▶ _Input data_:
_____
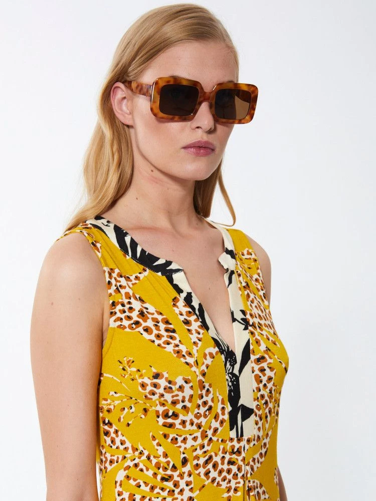 Dieses stylische Strandkleid von Fürstenberg aus der Kollektion „Santorini“ überzeugt durch seinen modischen Mustermix und die gut kombinierbare Farbstellung in maisgelb, creme, braun und schwarz.
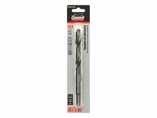 Сверло по металлу ц/х 19.0х135х198 мм HSS-G GEPARD (хвостовик 13мм) (GP03190-198)
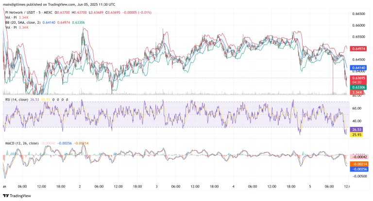 Pi Coin continues to face bearish pressure, with the token hovering around $0.637 at press time.
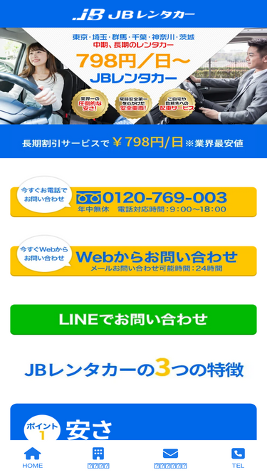 大阪・兵庫・京都・奈良など関西・近畿全域の法人・個人向けの長期レンタカーならJBレンタカー。業界最安798円の格安料金、無料配車サービス、自動車保険(任意)、JAF加入済みの安心保障。ウィークリーレンタカー、マンスリーレンタカーなど格安レンタカーならお任せ下さい。
_____
▶ _Aim of the task_: Using the data above, write out every line exactly, leaving the images behind.

▶ _Task output_:
 Dieses stylische Strandkleid von Fürstenberg aus der Kollektion „Santorini“ überzeugt durch seinen modischen Mustermix und die gut kombinierbare Farbstellung in maisgelb, creme, braun und schwarz.
 Сверло по металлу ц/х 19.0х135х198 мм HSS-G GEPARD (хвостовик 13мм) (GP03190-198)
 Pi Coin continues to face bearish pressure, with the token hovering around $0.637 at press time.
 大阪・兵庫・京都・奈良など関西・近畿全域の法人・個人向けの長期レンタカーならJBレンタカー。業界最安798円の格安料金、無料配車サービス、自動車保険(任意)、JAF加入済みの安心保障。ウィークリーレンタカー、マンスリーレンタカーなど格安レンタカーならお任せ下さい。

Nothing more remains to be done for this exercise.